» Data shown
--------------------
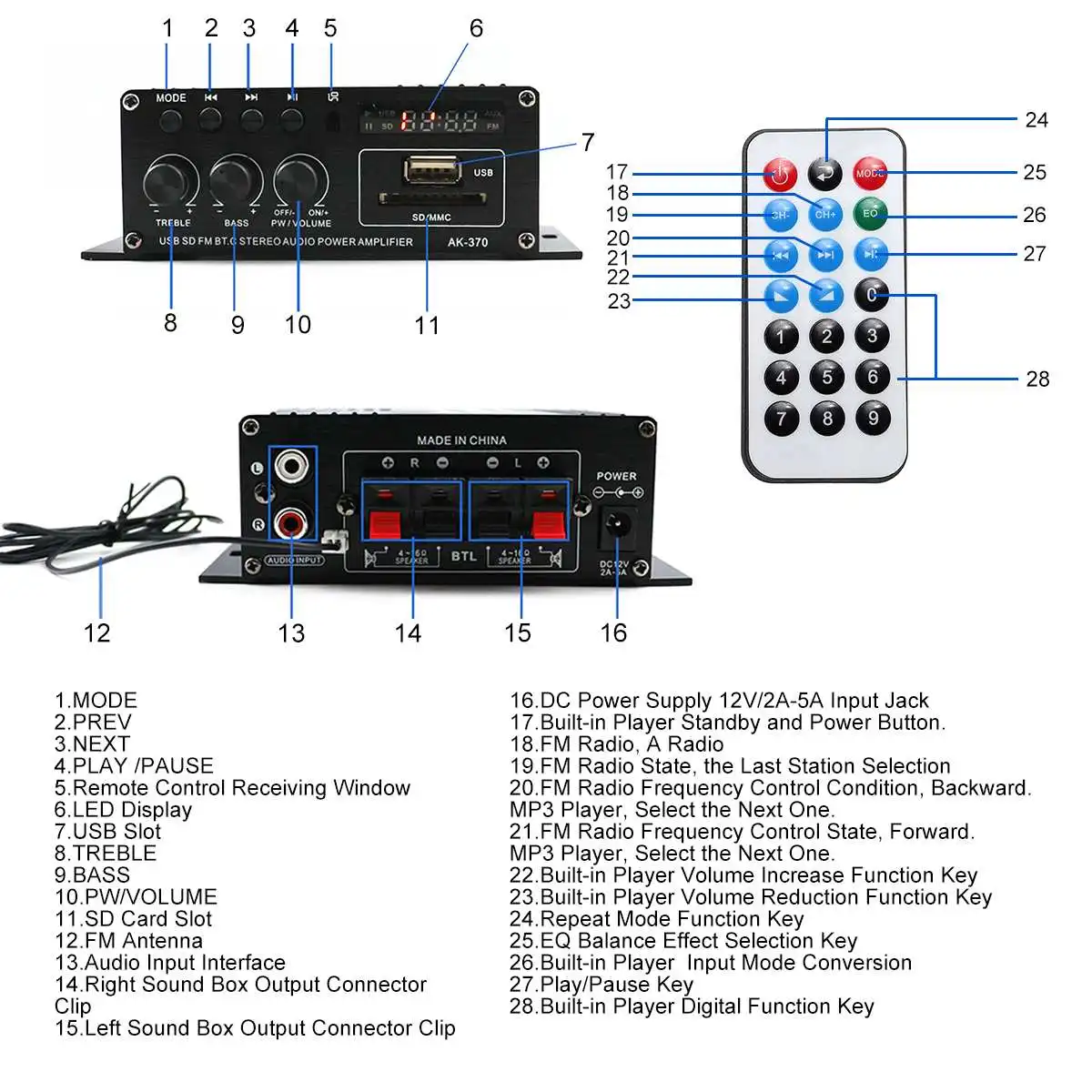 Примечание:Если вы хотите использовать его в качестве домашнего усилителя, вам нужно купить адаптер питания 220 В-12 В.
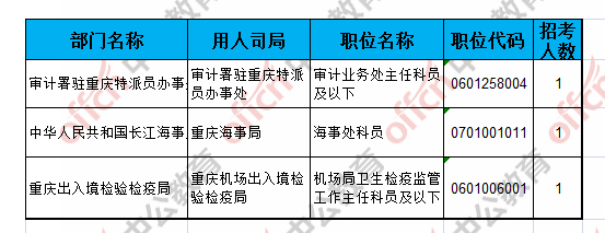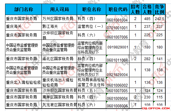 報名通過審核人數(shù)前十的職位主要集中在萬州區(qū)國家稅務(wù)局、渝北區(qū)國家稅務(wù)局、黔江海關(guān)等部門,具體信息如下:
--------------------
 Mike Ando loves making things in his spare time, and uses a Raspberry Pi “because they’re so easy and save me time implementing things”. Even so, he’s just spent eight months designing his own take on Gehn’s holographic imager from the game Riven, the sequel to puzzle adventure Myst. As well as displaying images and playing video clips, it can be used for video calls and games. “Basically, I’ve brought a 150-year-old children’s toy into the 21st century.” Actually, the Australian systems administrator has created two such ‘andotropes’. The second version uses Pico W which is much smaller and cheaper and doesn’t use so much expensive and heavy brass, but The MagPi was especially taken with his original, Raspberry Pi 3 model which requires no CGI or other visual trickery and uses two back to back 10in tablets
--------------------
» Your assignment
Now transcribe the lines above exactly, starting at the line containing "Примечание:Если вы хотите" and ending at the line containing "報名通過審核人數(shù)前", both lines included, pictures excluded.

» Response box
 Примечание:Если вы хотите использовать его в качестве домашнего усилителя, вам нужно купить адаптер питания 220 В-12 В.
 報名通過審核人數(shù)前十的職位主要集中在萬州區(qū)國家稅務(wù)局、渝北區(qū)國家稅務(wù)局、黔江海關(guān)等部門,具體信息如下:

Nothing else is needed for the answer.